■ Extracted data
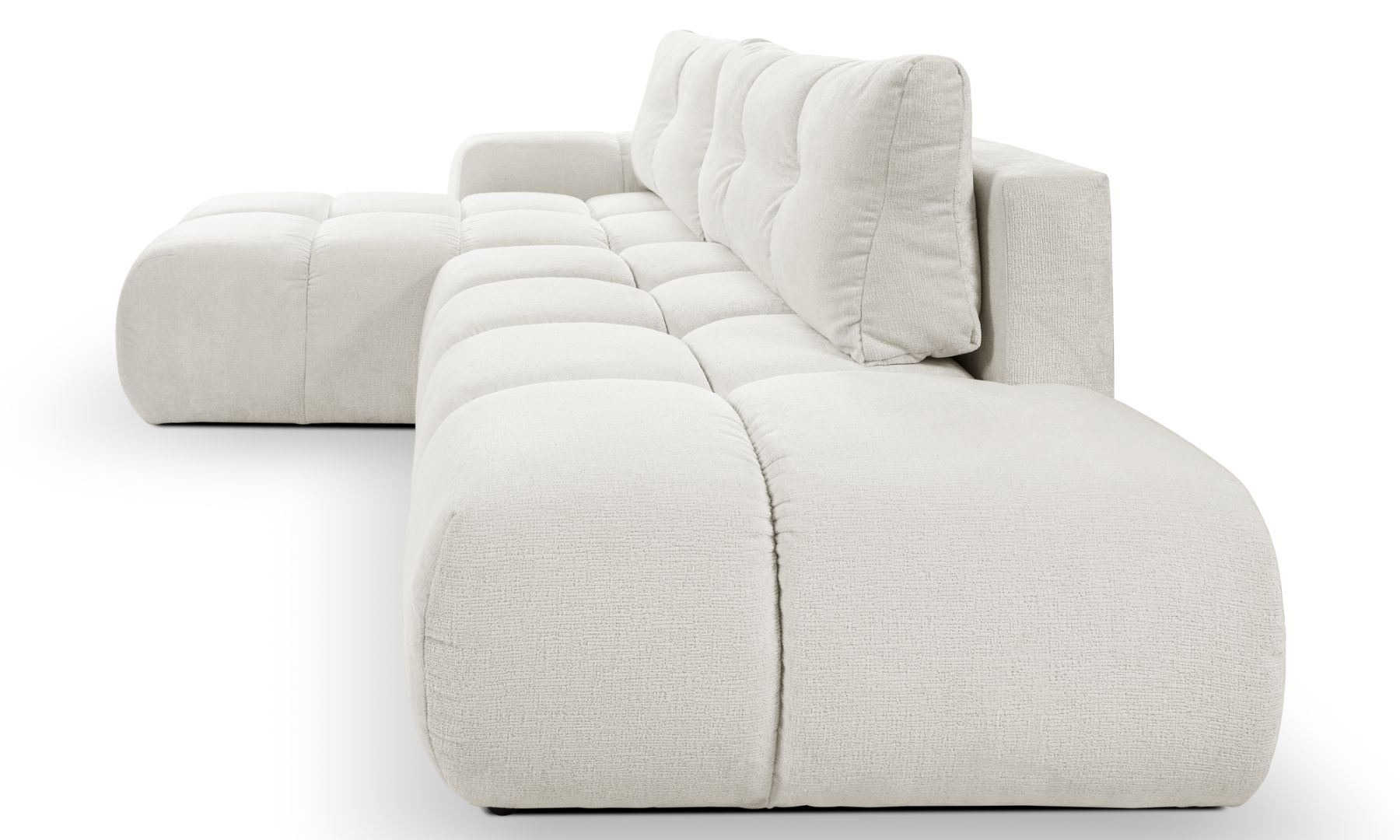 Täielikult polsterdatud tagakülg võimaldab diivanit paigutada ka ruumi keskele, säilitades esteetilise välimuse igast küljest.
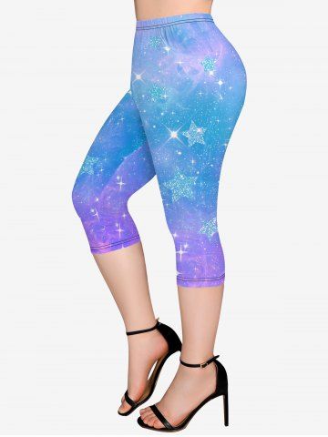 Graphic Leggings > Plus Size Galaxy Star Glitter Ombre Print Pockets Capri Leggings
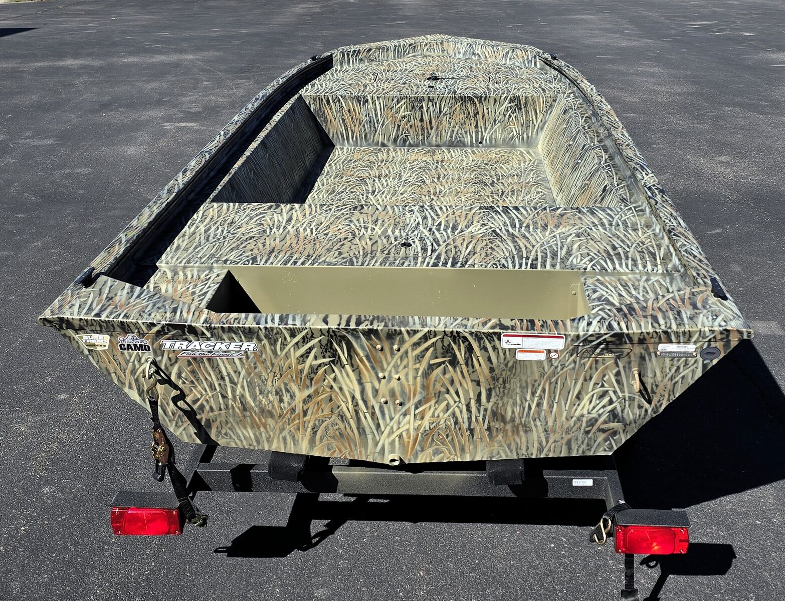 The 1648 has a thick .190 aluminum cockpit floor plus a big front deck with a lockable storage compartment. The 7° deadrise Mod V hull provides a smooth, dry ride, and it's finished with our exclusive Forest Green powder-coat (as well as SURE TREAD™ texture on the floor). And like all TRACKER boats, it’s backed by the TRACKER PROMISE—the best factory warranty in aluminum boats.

---

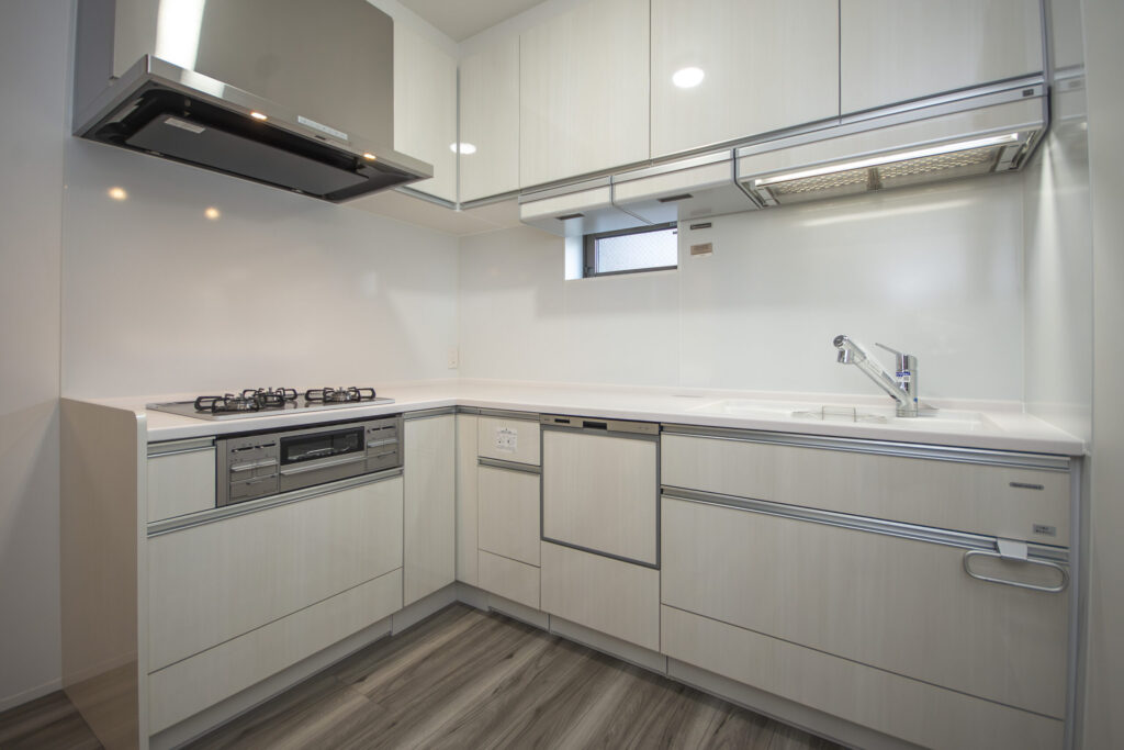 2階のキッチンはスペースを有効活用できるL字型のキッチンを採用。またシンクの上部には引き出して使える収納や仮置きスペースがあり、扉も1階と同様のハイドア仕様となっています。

■ Directions
What is needed is an exact copy of only the lines above from the one with "Täielikult polsterdatud tagakülg" to the one with "Graphic Leggings >", both kept, with every picture left out.

■ Your response
 Täielikult polsterdatud tagakülg võimaldab diivanit paigutada ka ruumi keskele, säilitades esteetilise välimuse igast küljest.
 Graphic Leggings > Plus Size Galaxy Star Glitter Ombre Print Pockets Capri Leggings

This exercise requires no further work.